25 ноября
Пушкинские Горы
Юля – Марине
Ой, Марина, цирк – это здорово! У нас тоже был снег, растаял. Сейчас только ветер и дожди. Свиристели носятся по окрестностям, едят рябину. Видела щеглов на репейниках. Ирма слушает дятлов. В полях свистят снегири. Еще недавно видели рядом диких гусей, остановились поесть на поле травку.
Хиддинк стал мощным парнем и взял меня под свое крыло. Когда он распахивает крылья, то он как огромная сосна или ель, всех нас, Марина, и защитит и собой укроет.

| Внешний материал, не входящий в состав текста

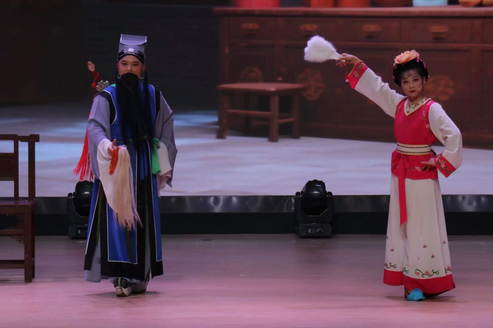 演出在经典折子戏《闹黄府》中拉开帷幕,丑角杨三笑的诙谐演绎,以嬉笑怒骂传递正义之声,瞬间点燃现场氛围。随后,《打猪草》的乡土童趣、《洞房》的跌宕悬念、《鹊桥》的优美意境、《夫妻观灯》的市井烟火、《戏牡丹》的风趣灵动等剧目轮番登场,二级演员贺晓平、余乘鸿、洪石霞及一众三级演员、优秀青年演员以精湛的唱功、细腻的表演,将黄梅戏的婉转韵味与艺术魅力展现得淋漓尽致,每一段唱腔、每一个身段都赢得现场师生阵阵掌声。

У меня появился новый воспитанник – Кутузов, по прозванию догадываетесь, что с ним произошло. Это гусенок, очень слабенький; огромный лебедь, сволочь, его побил и дал в глаз. Теперь у меня Кутузов и одновременно адмирал Нельсон.
Журавли так кричат хорошо, Марина. Приезжало псковское телевидение и снимало, как журавлик ест с моих рук, идет на мой голос, как мчится навстречу Андрею лось Лосось.
Утром туманы, иногда иней.
Кстати, что интересно – у меня уже есть новая книга Дины Рубиной. Абсолютно случайно на сельском рынке среди ревущих, гогочущих поросят и гусей, на сельской ярмарке в честь урожая я ее разглядела на прилавке. Купила мед и шерстяные носки.
Купила себе еще тельняшку.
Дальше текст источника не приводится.